Nitrate removal and environmental side-effects controlled by hydraulic residence time in woodchip bioreactors treating cold agricultural drainage water

Denitrifying woodchip bioreactors (WBRs) remove nitrate (${\mathrm{NO}}_3^{-}$) from agricultural drainage water at field-scale, but their efficacy at cold temperatures remains uncertain. This study shows how hydraulic residence time (HRT) controls ${\mathrm{NO}}_3^{-}$ removal and environmental side-effects of WBRs at low water temperature under pilot-scale conditions with controlled operation of nine WBRs (94 dm³). Hydraulic properties were assessed by a bromide tracer test, and ${\mathrm{NO}}_3^{-}$ removal, emissions of nitrous oxide (N₂O) and methane (CH₄), and losses of dissolved organic carbon (DOC) were measured at HRTs of 5-30 h. Inlet ${\mathrm{NO}}_3^{-}$ concentrations were increasingly reduced at higher HRTs. The relationship between HRT and the efficiency (%) of ${\mathrm{NO}}_3^{-}$ removal was linear ($R_{adj}^2$ = 0.94), while the relationship between HRT and ${\mathrm{NO}}_3^{-}$ reduction rates (NRR) was logistic ($R_{adj}^2$ = 0.88). Gaseous emissions of N₂O were equally low at HRTs of 10-30 h, but higher at 5 h (P < 0.05).
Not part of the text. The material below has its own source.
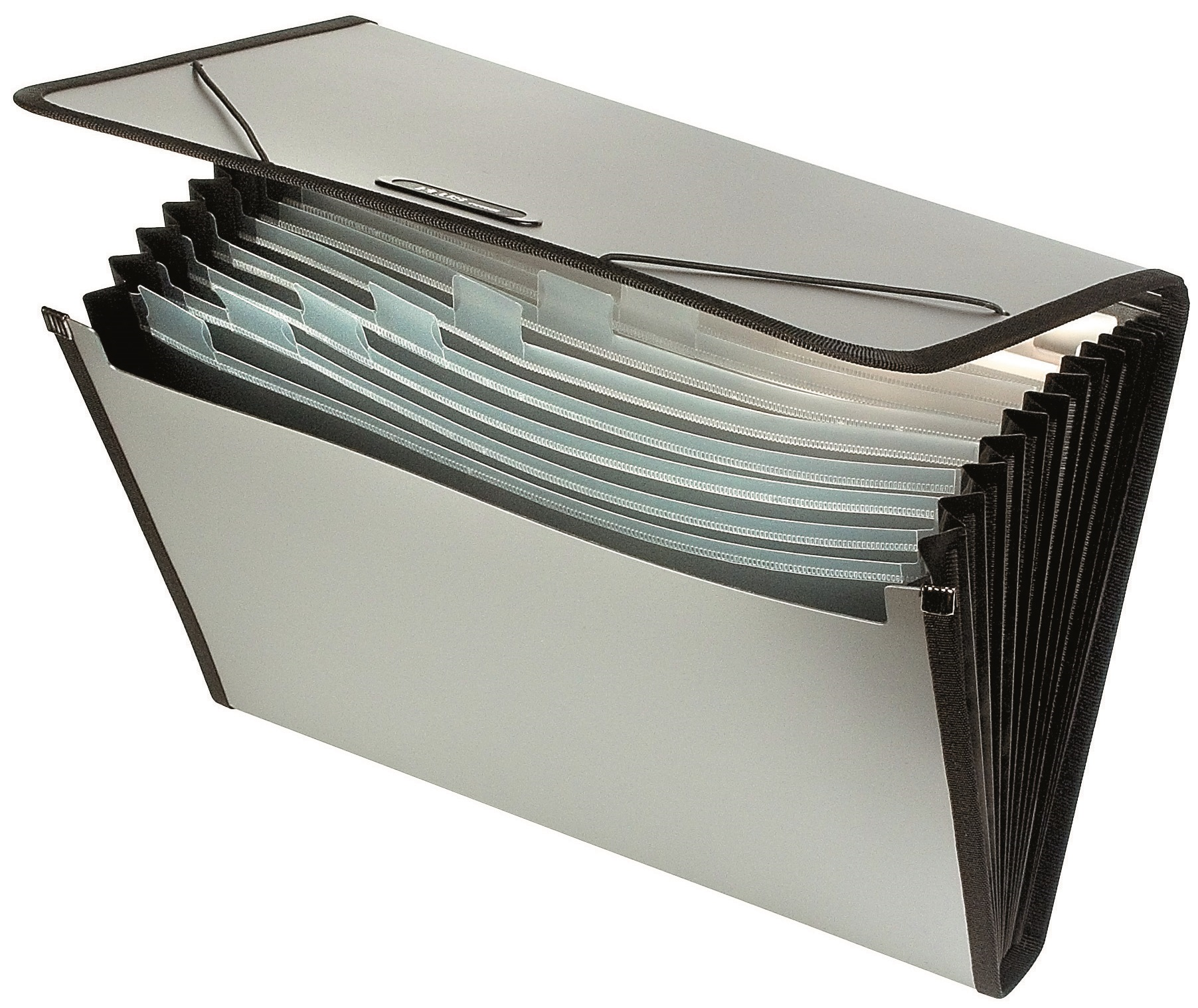 Clasificador de fuelle en polipropileno con 12 compartimentos, Formato Din A4, cierre con gomas. Colores metalizados

Methane fluxes were small, but with consistent emissions at HRTs of 20-30 h and uptake at 5-15 h. HRT had limited effect on effluent DOC concentrations, but strong effect on mass losses that were five-fold higher (320 mg L^-1) at the HRT of 5 h than at 30 h. In summary, at cold temperatures HRTs of ≤ 20 h resulted in suboptimal NRR, accelerating DOC losses, and increased risk of N₂O losses at least below a threshold HRT of 5-10 h. HRTs of 20-30 h gave maximal NRR, smallest losses of DOC and N₂O, but an increased risk of CH₄ emissions.